# Work item
Please return the full listing word for word, leaving out any pictures.

# Available data
----------------------------------------
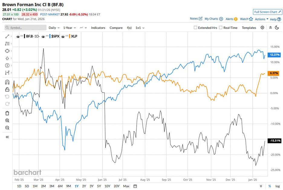 BF.B stock has declined 17.1% over the past 52 weeks, underperforming the S&P 500 Index’s ($SPX) 13.7% rise and the State Street Consumer Staples Select Sector SPDR ETF’s (XLP) 6.2% return during the same time frame.
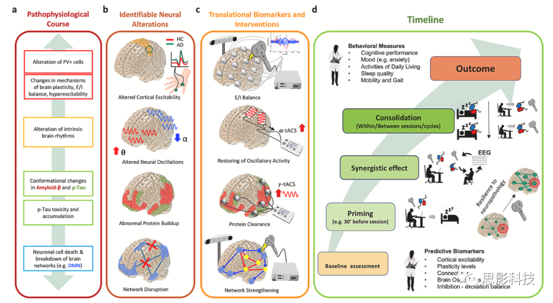 在 AD 的病理生理過程的早期,由于神經(jīng)元間反應(yīng)和突觸傳遞的改變導(dǎo)致興奮/抑制平衡發(fā)生了變化,這可以通過 TMS 衍生的皮質(zhì)興奮性測量來檢測。TMS-EEG 的聯(lián)合使用可能有助于將皮層改變的檢測范圍擴大到運動皮層之外,并可能刺激殘余可塑性機制(圖 4a-c,第一行)。腦振蕩的病理變化——即EEG節(jié)律背后的網(wǎng)絡(luò)——也是 AD 病程的特征,高頻帶的表達減少,有利于較慢的振蕩。未來的研究應(yīng)該測試使用 tACS 來促進健康的大腦模式(例如通過增加alpha 活動) (圖 4a-c,第 2 行)。此外,現(xiàn)在正在測試gamma頻率tACS 作為對神經(jīng)炎癥過程起作用的潛在干預(yù)措施,這進一步代表了 AD 病理過程中的關(guān)鍵步驟(圖 4a-c,第 3 行)。由于腦萎縮和蛋白質(zhì)病的模式似乎沿著已知的神經(jīng)網(wǎng)絡(luò)(例如,DMN)發(fā)生,未來的干預(yù)措施可能會利用大腦拓?fù)浣M織知識來指導(dǎo)干預(yù)措施,以解決改變的網(wǎng)絡(luò)動態(tài)性(圖 4a-c,第 4 行)。最后,NiBS 可通過啟動或協(xié)同方法來增強大腦的接受能力,其中 NiBS 干預(yù)與專門的認(rèn)知任務(wù)相結(jié)合。未來的干預(yù)措施可能會進一步擴大在大腦特別接受狀態(tài)期間使用此類方法,例如在睡眠期間(圖 4d)。
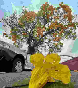 A segunda hipótese é de que seja um Ipê-Amarelo Nativo, de maior porte, que pode alcançar entre 10 e 20 metros e cuja floração costuma ocorrer entre agosto e outubro.
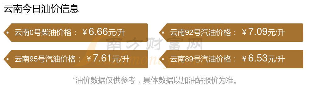 云南汽油、柴油11月15日每升最新價(jià)格為11月11日調(diào)整后的價(jià)格,具體為:92號(hào)汽油7.09元,增了0.1元;95號(hào)汽油7.61元,增了0.11元;89號(hào)汽油6.53元,增了0.1;0號(hào)柴油6.66元,增了0.1元。
----------------------------------------
# Response area
 BF.B stock has declined 17.1% over the past 52 weeks, underperforming the S&P 500 Index’s ($SPX) 13.7% rise and the State Street Consumer Staples Select Sector SPDR ETF’s (XLP) 6.2% return during the same time frame.
 在 AD 的病理生理過程的早期,由于神經(jīng)元間反應(yīng)和突觸傳遞的改變導(dǎo)致興奮/抑制平衡發(fā)生了變化,這可以通過 TMS 衍生的皮質(zhì)興奮性測量來檢測。TMS-EEG 的聯(lián)合使用可能有助于將皮層改變的檢測范圍擴大到運動皮層之外,并可能刺激殘余可塑性機制(圖 4a-c,第一行)。腦振蕩的病理變化——即EEG節(jié)律背后的網(wǎng)絡(luò)——也是 AD 病程的特征,高頻帶的表達減少,有利于較慢的振蕩。未來的研究應(yīng)該測試使用 tACS 來促進健康的大腦模式(例如通過增加alpha 活動) (圖 4a-c,第 2 行)。此外,現(xiàn)在正在測試gamma頻率tACS 作為對神經(jīng)炎癥過程起作用的潛在干預(yù)措施,這進一步代表了 AD 病理過程中的關(guān)鍵步驟(圖 4a-c,第 3 行)。由于腦萎縮和蛋白質(zhì)病的模式似乎沿著已知的神經(jīng)網(wǎng)絡(luò)(例如,DMN)發(fā)生,未來的干預(yù)措施可能會利用大腦拓?fù)浣M織知識來指導(dǎo)干預(yù)措施,以解決改變的網(wǎng)絡(luò)動態(tài)性(圖 4a-c,第 4 行)。最后,NiBS 可通過啟動或協(xié)同方法來增強大腦的接受能力,其中 NiBS 干預(yù)與專門的認(rèn)知任務(wù)相結(jié)合。未來的干預(yù)措施可能會進一步擴大在大腦特別接受狀態(tài)期間使用此類方法,例如在睡眠期間(圖 4d)。
 A segunda hipótese é de que seja um Ipê-Amarelo Nativo, de maior porte, que pode alcançar entre 10 e 20 metros e cuja floração costuma ocorrer entre agosto e outubro.
 云南汽油、柴油11月15日每升最新價(jià)格為11月11日調(diào)整后的價(jià)格,具體為:92號(hào)汽油7.09元,增了0.1元;95號(hào)汽油7.61元,增了0.11元;89號(hào)汽油6.53元,增了0.1;0號(hào)柴油6.66元,增了0.1元。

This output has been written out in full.